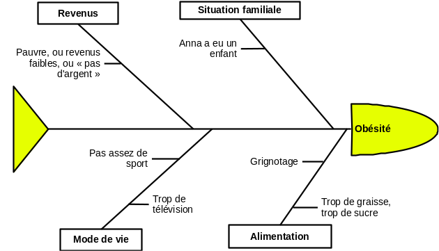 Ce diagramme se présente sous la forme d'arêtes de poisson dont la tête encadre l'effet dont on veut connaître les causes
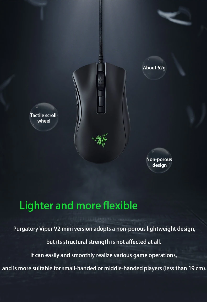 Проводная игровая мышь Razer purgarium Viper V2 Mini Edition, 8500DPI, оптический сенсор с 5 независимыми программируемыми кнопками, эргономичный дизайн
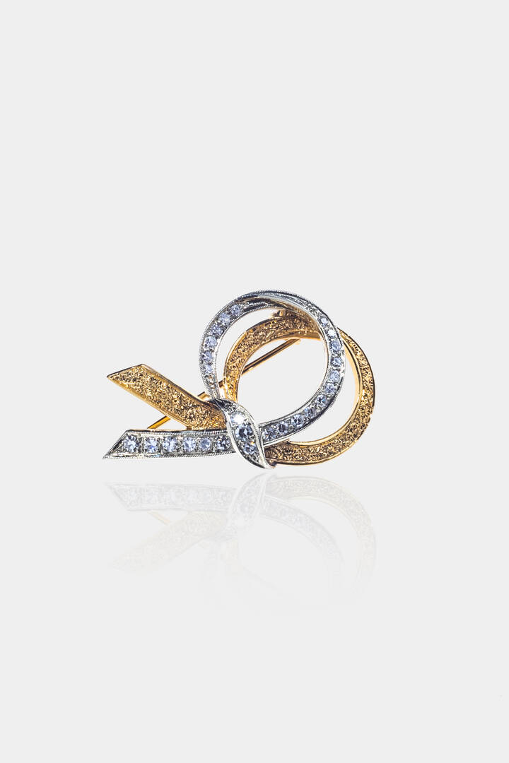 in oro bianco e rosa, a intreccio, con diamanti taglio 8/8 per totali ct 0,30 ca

--

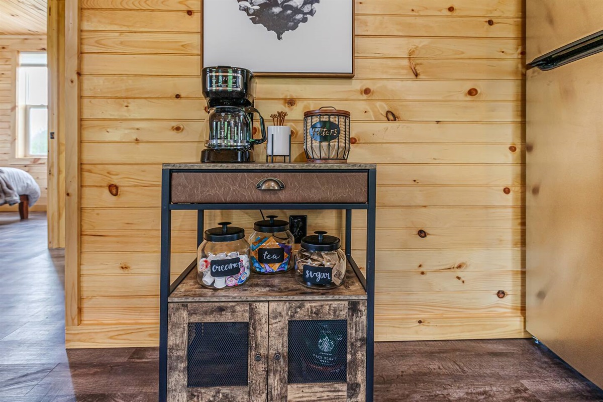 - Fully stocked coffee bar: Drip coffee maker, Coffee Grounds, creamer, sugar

* * *

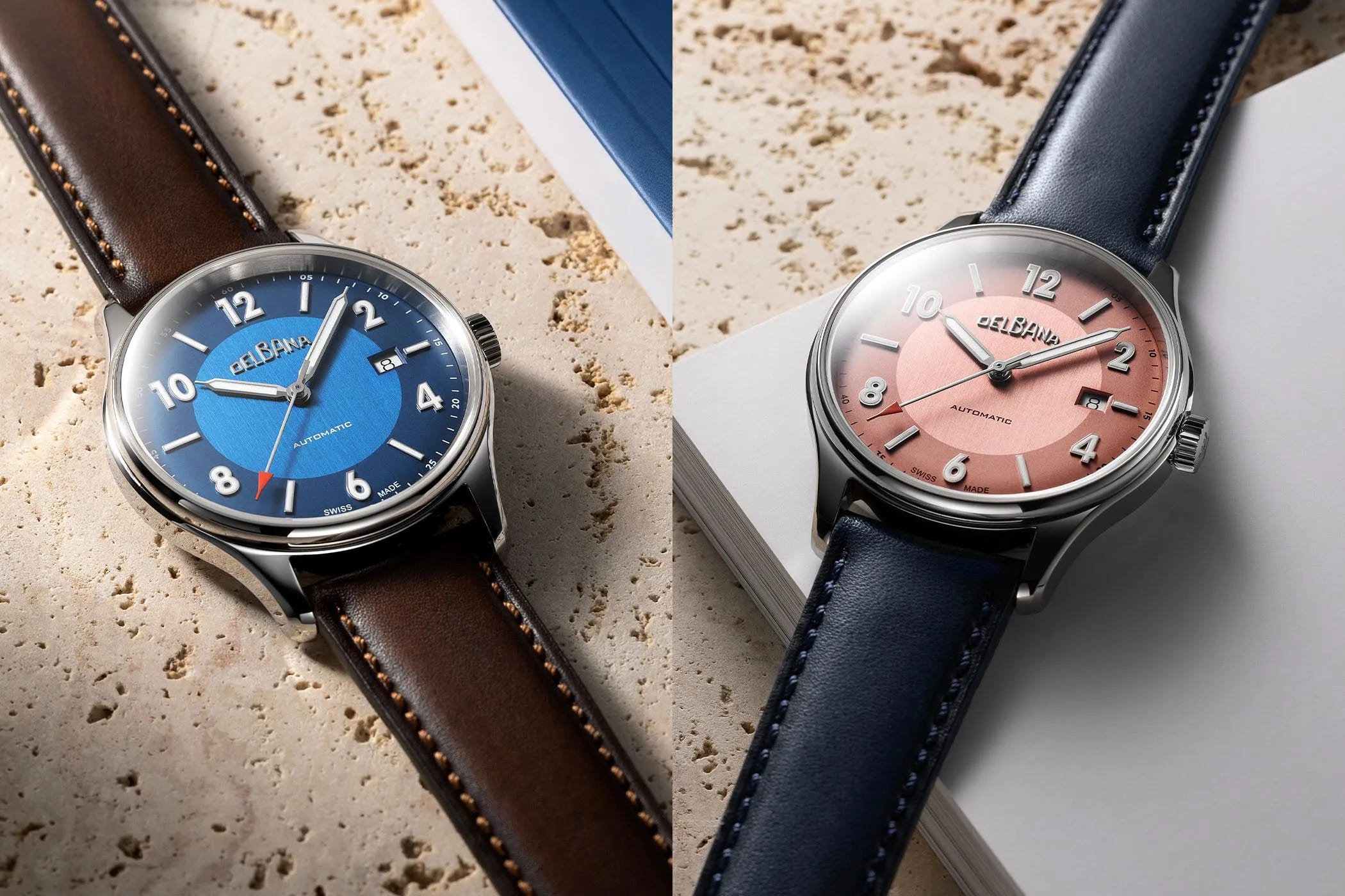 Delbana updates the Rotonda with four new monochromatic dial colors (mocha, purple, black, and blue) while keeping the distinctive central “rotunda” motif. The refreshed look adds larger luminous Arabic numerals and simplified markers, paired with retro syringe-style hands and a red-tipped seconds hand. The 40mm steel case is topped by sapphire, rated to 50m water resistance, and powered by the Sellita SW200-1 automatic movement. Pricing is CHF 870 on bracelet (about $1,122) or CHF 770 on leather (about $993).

* _Goal of the exercise_: Please set down, exactly and with no pictures, the lines in the entries above starting at the one holding "Проводная игровая мышь" and ending at the one holding "in oro bianco", ends included.

* _Solution to this task_:
 Проводная игровая мышь Razer purgarium Viper V2 Mini Edition, 8500DPI, оптический сенсор с 5 независимыми программируемыми кнопками, эргономичный дизайн
 in oro bianco e rosa, a intreccio, con diamanti taglio 8/8 per totali ct 0,30 ca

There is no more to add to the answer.